> _Source records_
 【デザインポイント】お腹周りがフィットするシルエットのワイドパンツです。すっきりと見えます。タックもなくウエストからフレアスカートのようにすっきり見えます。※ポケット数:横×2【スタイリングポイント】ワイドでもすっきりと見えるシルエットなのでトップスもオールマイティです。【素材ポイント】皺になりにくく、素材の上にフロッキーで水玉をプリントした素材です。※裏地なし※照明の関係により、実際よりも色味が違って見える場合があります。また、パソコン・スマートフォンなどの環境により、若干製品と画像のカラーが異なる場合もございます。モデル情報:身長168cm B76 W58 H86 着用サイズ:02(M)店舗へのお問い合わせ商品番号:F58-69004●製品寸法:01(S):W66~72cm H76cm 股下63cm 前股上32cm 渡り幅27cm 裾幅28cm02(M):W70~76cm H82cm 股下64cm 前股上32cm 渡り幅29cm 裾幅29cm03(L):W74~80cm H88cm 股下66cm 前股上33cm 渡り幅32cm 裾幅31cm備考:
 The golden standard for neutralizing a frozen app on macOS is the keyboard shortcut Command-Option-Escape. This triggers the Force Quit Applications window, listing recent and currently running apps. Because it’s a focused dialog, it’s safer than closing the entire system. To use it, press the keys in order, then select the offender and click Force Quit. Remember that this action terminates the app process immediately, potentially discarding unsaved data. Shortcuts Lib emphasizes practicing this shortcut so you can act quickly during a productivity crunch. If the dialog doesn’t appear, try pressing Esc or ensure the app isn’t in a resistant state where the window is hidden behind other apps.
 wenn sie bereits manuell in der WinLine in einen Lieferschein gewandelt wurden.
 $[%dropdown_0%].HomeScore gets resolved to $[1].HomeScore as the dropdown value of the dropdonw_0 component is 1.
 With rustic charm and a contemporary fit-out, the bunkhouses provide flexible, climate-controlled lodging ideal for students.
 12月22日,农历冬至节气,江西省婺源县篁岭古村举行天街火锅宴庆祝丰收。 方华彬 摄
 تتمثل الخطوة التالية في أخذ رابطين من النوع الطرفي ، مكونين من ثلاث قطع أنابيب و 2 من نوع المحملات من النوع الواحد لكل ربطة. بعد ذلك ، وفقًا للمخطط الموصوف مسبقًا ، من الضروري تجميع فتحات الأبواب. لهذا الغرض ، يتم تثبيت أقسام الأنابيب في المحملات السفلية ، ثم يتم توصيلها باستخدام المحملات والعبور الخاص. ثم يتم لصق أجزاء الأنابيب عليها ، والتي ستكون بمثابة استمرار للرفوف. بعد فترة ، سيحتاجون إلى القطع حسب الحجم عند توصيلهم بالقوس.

> _What the exercise asks_
Could you restate word for word the lines above from the one containing "wenn sie bereits" through the one containing "12月22日,农历冬至节气,江西省婺源县篁岭古村举行天街火锅宴庆祝丰收。 方华彬 摄", both included, and nothing else?

> _Solution_
 wenn sie bereits manuell in der WinLine in einen Lieferschein gewandelt wurden.
 $[%dropdown_0%].HomeScore gets resolved to $[1].HomeScore as the dropdown value of the dropdonw_0 component is 1.
 With rustic charm and a contemporary fit-out, the bunkhouses provide flexible, climate-controlled lodging ideal for students.
 12月22日,农历冬至节气,江西省婺源县篁岭古村举行天街火锅宴庆祝丰收。 方华彬 摄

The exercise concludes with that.